» Goal of the exercise: Each line, starting at the one with "Single Length Royal" and running to the end of the data below, is to be set down again exactly, both ends included; leave pictures out.

» Exercise data:
== Segment start ==

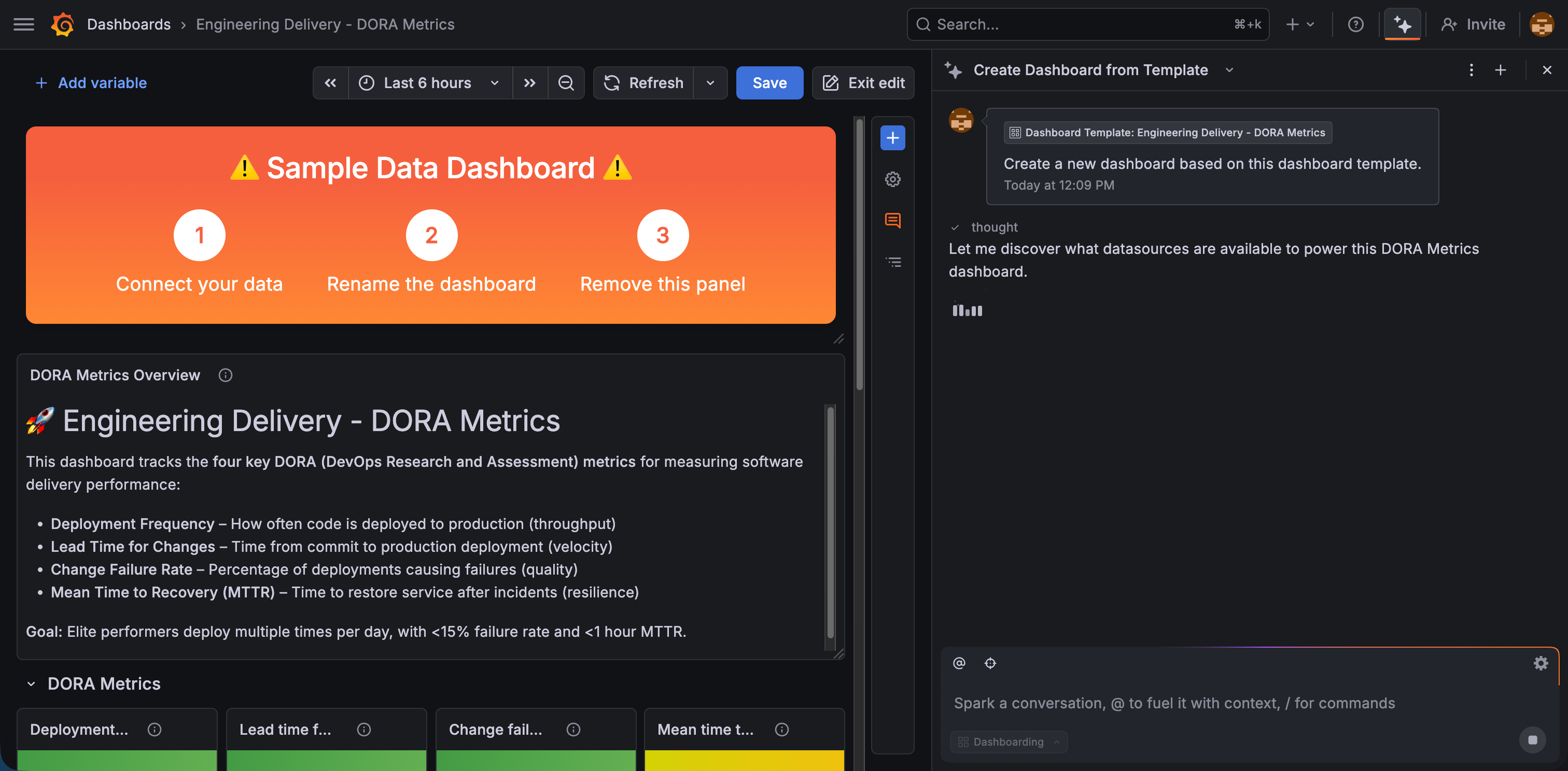 The templates provide standardized dashboard layouts designed to help you answer engineering or business questions consistently. For instance, the DORA template allows all teams within an organization to measure delivery performance using a widely adopted industry framework.
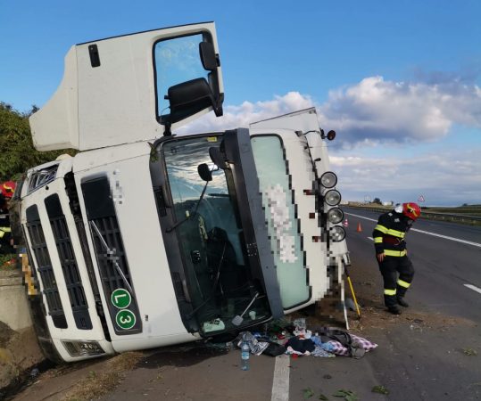TIR răsturnat pe DN 5, în zona localităţii Daia, în această dimineaţă (FOTO)
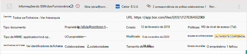 - A capacidade de aplicar etiquetas de confidencialidade como uma ação de governação a ficheiros que correspondam a políticas específicas
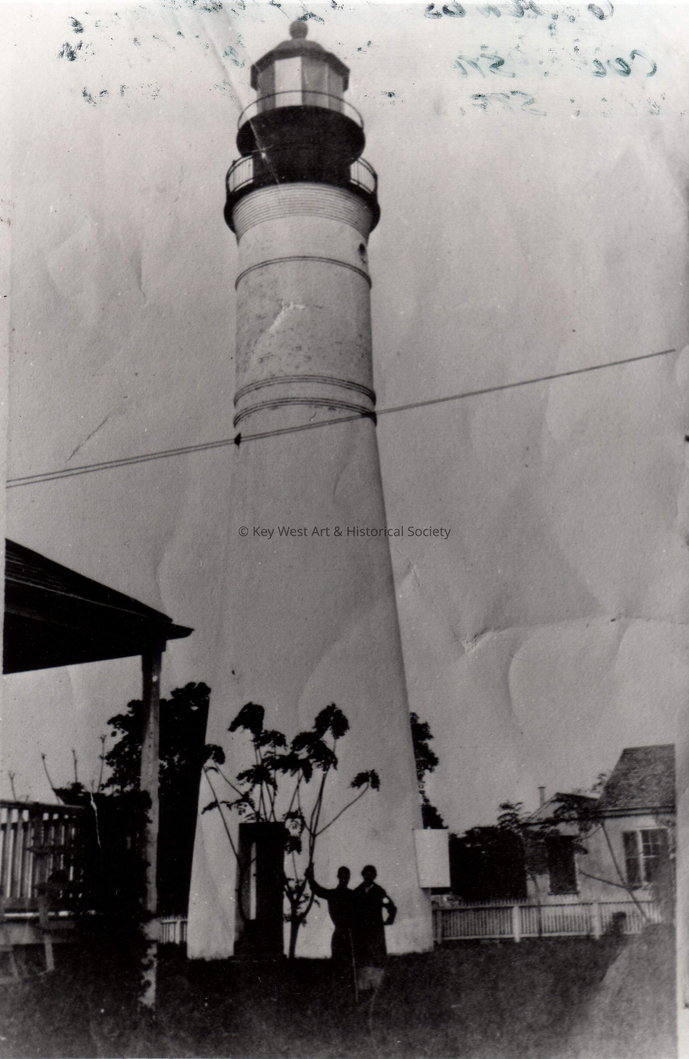 Black and white photograph of people posing in front of Key West Lighthouse.
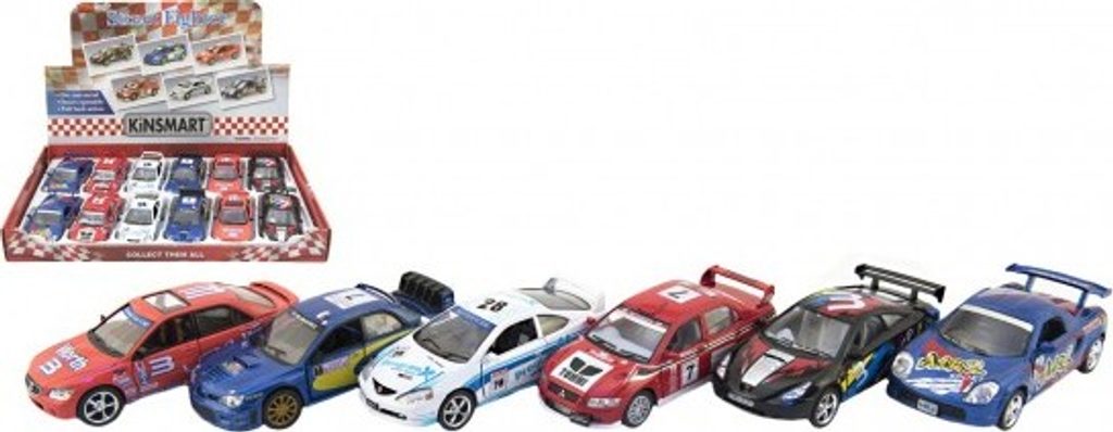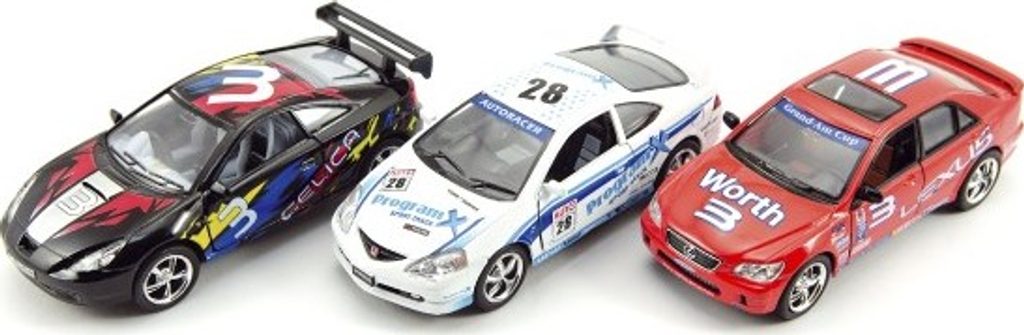 Krásné a věrné kovové modely závodních aut. Dostupných je 6 druhů a všechny jsou na zpětné natažení.
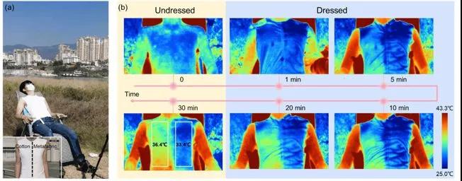 无源制冷光学超材料织物既能防晒,又可让人体体表温度降低近5摄氏度,具有优异的可穿戴性,与整个纺织行业相兼容,适合大规模推广制备和产业化应用。图为超材料织物与棉对人体体表降温对比测试(来源:Science)
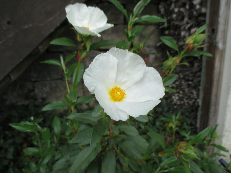 Hier noch ein Bild von Cistus laurifolius atlanticus, leider ist die Blechhütte dahinter etwas störend aber aus dieser Perspektive hebt sich die Pflanze besser vom Hintergrund ab. Ist inzwischen sicher fast 1,5 Meter breit, C. x florentinus war schon fast darunter.
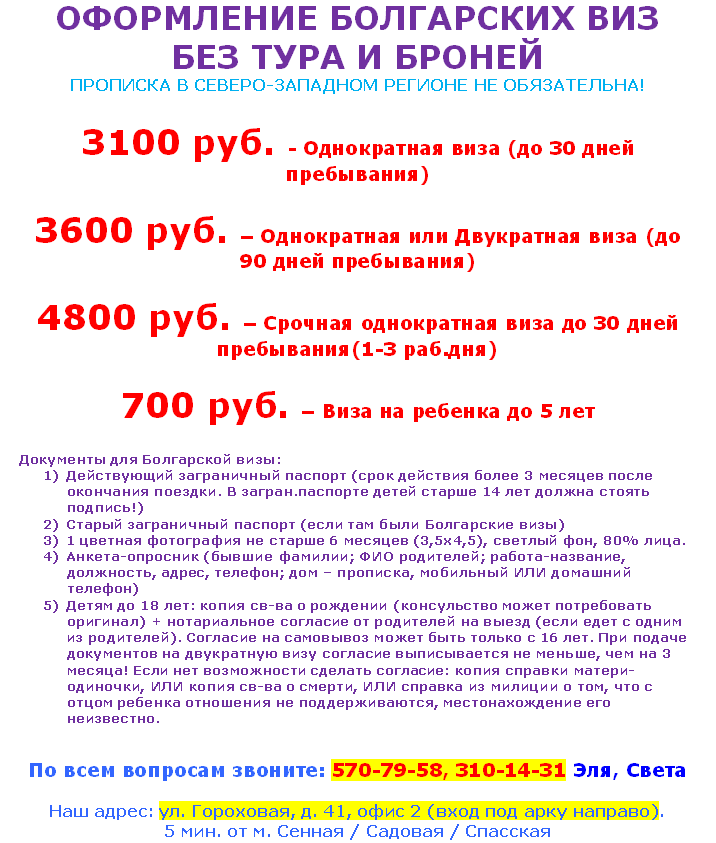 24 Дек 2012 16:11:55 ОФОРМЛЕНИЕ ВИЗ в Болгарию (без тура и броней, прописка в СЗ регионе не обязательна) от фирмы ТВОЙ ТУР
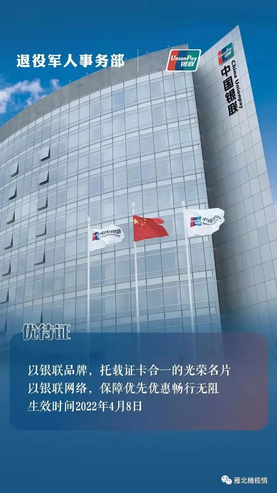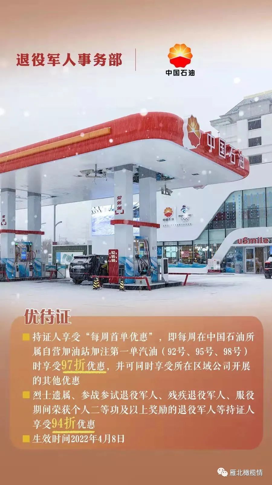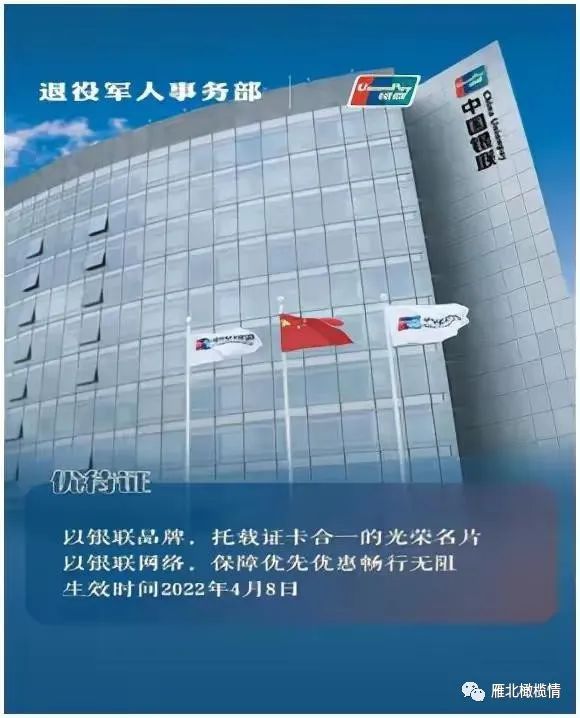 自从2022年2月28日退役军人事务部与中国银联、中国石油、中国邮政、顺丰集团、德邦快递、中国联合航空等6家企业在京签署《拥军优抚合作协议》以来。一年来这6家企业是否按照承诺,将“优待与贡献匹配”的原则,结合自身业务领域,为广大退役军人、其他优抚对象优待证持证人真正提供了相应的优惠服务和专属的优先服务。实际上关于这六大企业为我们退役军人提供优待服务的消息,战友们基本都从不同的渠道知道了。也就是中国银联、中国石油、中国邮政、顺丰集团、德邦快递以及中国联合航空。我们先一起来看看这些企业为我们这个群体提供优待服务?一组海报带你读懂!
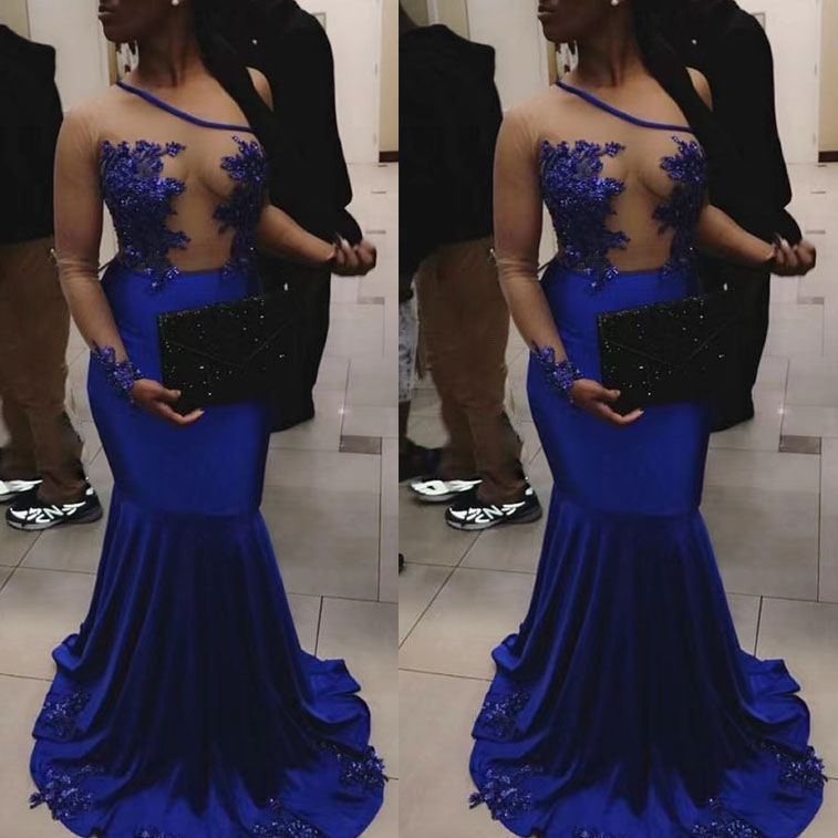 Single Length Royal Blue Prom Dresses Mermaid with Lace Appliques
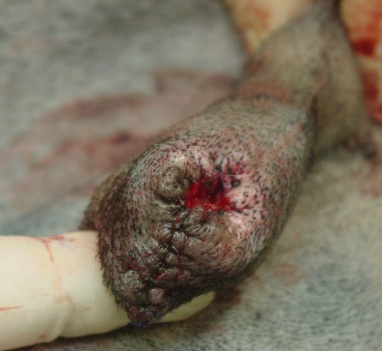 Figure 2. Postoperative view of closure of the dorsal preputial ostium followed by the reciprocal enlargement of the ventral preputial margin. The penis could be easily extruded through the modified ostium with its spontaneous retraction back into the preputial cavity. The urine stream, exiting the penis, strikes the dorsal ostium barrier created, diverting the stream ventrally between the patient’s limbs. (From Pavletic MM, Brum DE. (2009). Diversion of the urine stream by surgical modification of the preputial ostium in a dog. J AM Vet Med Assoc 235: 1067-1068.)
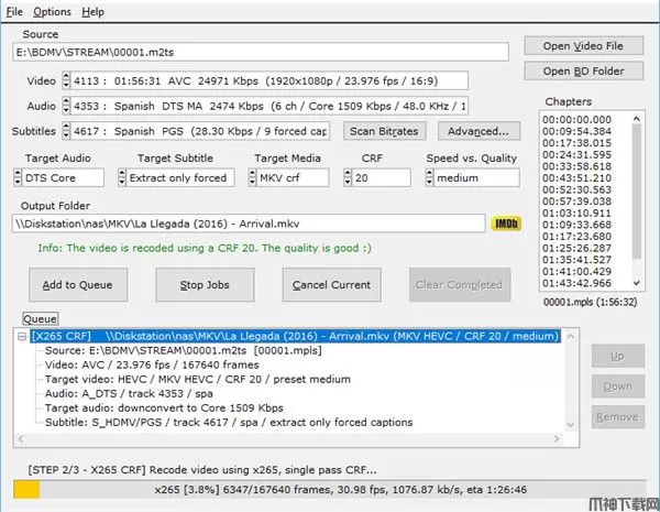 18、MVC编码:缩小3D Blu Ray来bd25 / bd9保持3D MVC格式的能力(英特尔快速同步编码器)。编码的能力,MKV的使用x265/HEVC编解码器

== Segment end ==

» Exercise result:
 Single Length Royal Blue Prom Dresses Mermaid with Lace Appliques
 Figure 2. Postoperative view of closure of the dorsal preputial ostium followed by the reciprocal enlargement of the ventral preputial margin. The penis could be easily extruded through the modified ostium with its spontaneous retraction back into the preputial cavity. The urine stream, exiting the penis, strikes the dorsal ostium barrier created, diverting the stream ventrally between the patient’s limbs. (From Pavletic MM, Brum DE. (2009). Diversion of the urine stream by surgical modification of the preputial ostium in a dog. J AM Vet Med Assoc 235: 1067-1068.)
 18、MVC编码:缩小3D Blu Ray来bd25 / bd9保持3D MVC格式的能力(英特尔快速同步编码器)。编码的能力,MKV的使用x265/HEVC编解码器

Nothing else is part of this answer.